Polynomials and The Factor Theorem
This topic covers the core skills for manipulating polynomials, which are expressions like 3x³ - x + 4. Mastering these techniques—expanding, factorising, and dividing—is essential for solving higher-order equations and analysing function behaviour in the ESAT.
Part of the ESAT Mathematics 2 syllabus — revision for the Engineering and Science Admissions Test (ESAT), the UAT-UK admissions test for Cambridge, Imperial, Oxford and UCL.
Key points
- The Factor Theorem provides a direct link between the roots of a polynomial equation and its linear factors. If P(a) = 0, then (x - a) is a factor.
- The Remainder Theorem is a shortcut to find the remainder of a polynomial division. The remainder when P(x) is divided by (x - a) is simply the value P(a).
- Algebraic long division is a robust method to divide polynomials by linear or quadratic expressions. It is crucial for finding the quotient after a factor has been identified.

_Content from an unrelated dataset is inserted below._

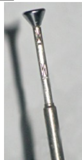
Special ground plane aerial with adjustable elements. (Left and below)
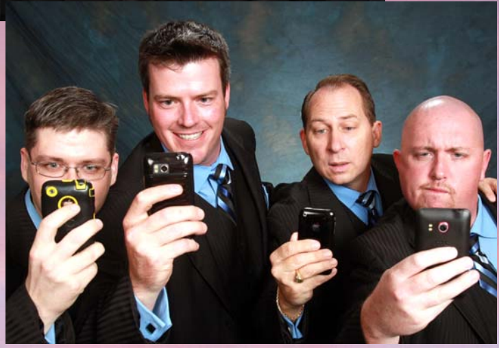
The PURSUIT 78.8

- A standard strategy for factorising a cubic is to use the Factor Theorem to find an integer root 'a', which gives a linear factor (x - a). Then, divide the cubic by this factor to obtain a quadratic, which can then be factorised further.
- When setting up algebraic long division, always include placeholder terms for missing powers of x (e.g., write x³ + 2x - 1 as x³ + 0x² + 2x - 1) to maintain correct column alignment.
Formulae
P(x) = (x - a)Q(x) + R This general identity represents polynomial division, where P(x) is the original polynomial, (x-a) is the divisor, Q(x) is the quotient, and R is the remainder.

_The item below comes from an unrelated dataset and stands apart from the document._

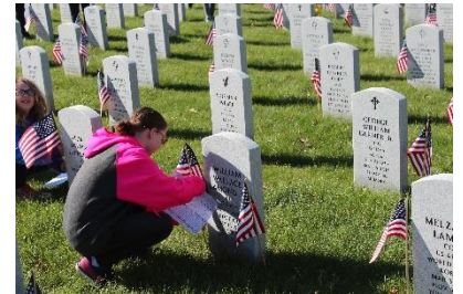
Quantico National Cemetery

After lunch, pay your respects at Quantico National Cemetery with a private flag placing experience at the graves of veterans whose remains were previously forgotten. Hosted by the Missing in America Project, their mission is to find, identify and provide full military burial for these now remembered heroes.

P(a) = 0 ≤> (x - a) is a factor of P(x) This is the Factor Theorem. Use it to test potential roots to find factors, or use a known factor to establish a root.

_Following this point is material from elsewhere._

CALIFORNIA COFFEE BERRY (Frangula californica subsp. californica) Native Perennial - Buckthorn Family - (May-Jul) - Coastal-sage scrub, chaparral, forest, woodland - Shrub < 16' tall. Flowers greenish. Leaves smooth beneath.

When P(x) is divided by (x - a), the remainder is P(a) This is the Remainder Theorem. Use it to find a remainder quickly without performing the full division.
Definitions
- Polynomial
- An algebraic expression consisting of variables and coefficients, involving only the operations of addition, subtraction, multiplication, and non-negative integer exponents of variables. For example, 5x⁴ - 2x² + 9.
- Root
- A value of the variable that makes a polynomial equal to zero. If 'a' is a root of P(x), then P(a) = 0. This is also called a 'zero' of the polynomial.
- Factor
- A polynomial that divides another polynomial exactly, with a remainder of zero.
Worked example
The polynomial P(x) = x³ + kx² + 7x - 10 has a factor of (x - 2). When P(x) is divided by (x + 3), what is the remainder?
- 1
First, use the Factor Theorem to find the value of k.
Since (x - 2) is a factor, we know that P(2) = 0.
- 2
Substitute x = 2 into the polynomial:
(2)³ + k(2)² + 7(2) - 10 = 0.
- 3
Simplify and solve for k:
8 + 4k + 14 - 10 = 0 ⇒ 4k + 12 = 0 ⇒ k = -3.
- 4
Now we have the full polynomial:
P(x) = x³ - 3x² + 7x - 10 - 5
To find the remainder when P(x) is divided by (x + 3), use the Remainder Theorem.
The remainder is P(-3).
- 6
Calculate P(-3):
(-3)³ - 3(-3)² + 7(-3) - 10 = -27 - 3(9) - 21 - 10.
- 7
Complete the arithmetic:
-27 - 27 - 21 - 10 = -85.
Answer: -85
Common mistakes
- ×Sign errors in the theorems: A common mistake is mixing up (x - a) and (x + a). Remember, if the factor is (x - a), you test P(a). If the divisor is (x + a), you find the remainder by calculating P(-a).
- ×Errors with negative numbers: When substituting a negative value like -2 into a polynomial, be careful with signs. For example, (-2)³ is -8, but -3(-2)² is -3(4) = -12. A slip here will derail the entire question.
- ×Subtraction in long division: When performing long division, you subtract an entire line of terms. A frequent error is mishandling the signs, e.g., (5x) - (-2x) becomes 3x instead of the correct 7x. Always think 'change the signs and add'.
No-calculator tips
- ✓Rational Root Theorem shortcut: To find an integer root for a polynomial, only test integer factors of the constant term. For x³ + 2x² - 5x - 6, you only need to test ±1, ±2, ±3, and ±6, not other numbers like 4 or 5.
- ✓Quickly check for factor (x - 1): To test if (x - 1) is a factor, simply add up all the coefficients of the polynomial. If the sum is zero, then (x - 1) is a factor. For x³ - 2x² - 5x + 6, the sum is 1 - 2 - 5 + 6 = 0, so (x-1) is a factor.
- ✓Factor check by inspection: Once you have one linear factor (e.g., x-2) and have divided to get a quadratic (e.g., ax²+bx+c), do a quick mental check. The constant term of the linear factor (-2) times the constant of the quadratic (c) must equal the constant of the original cubic.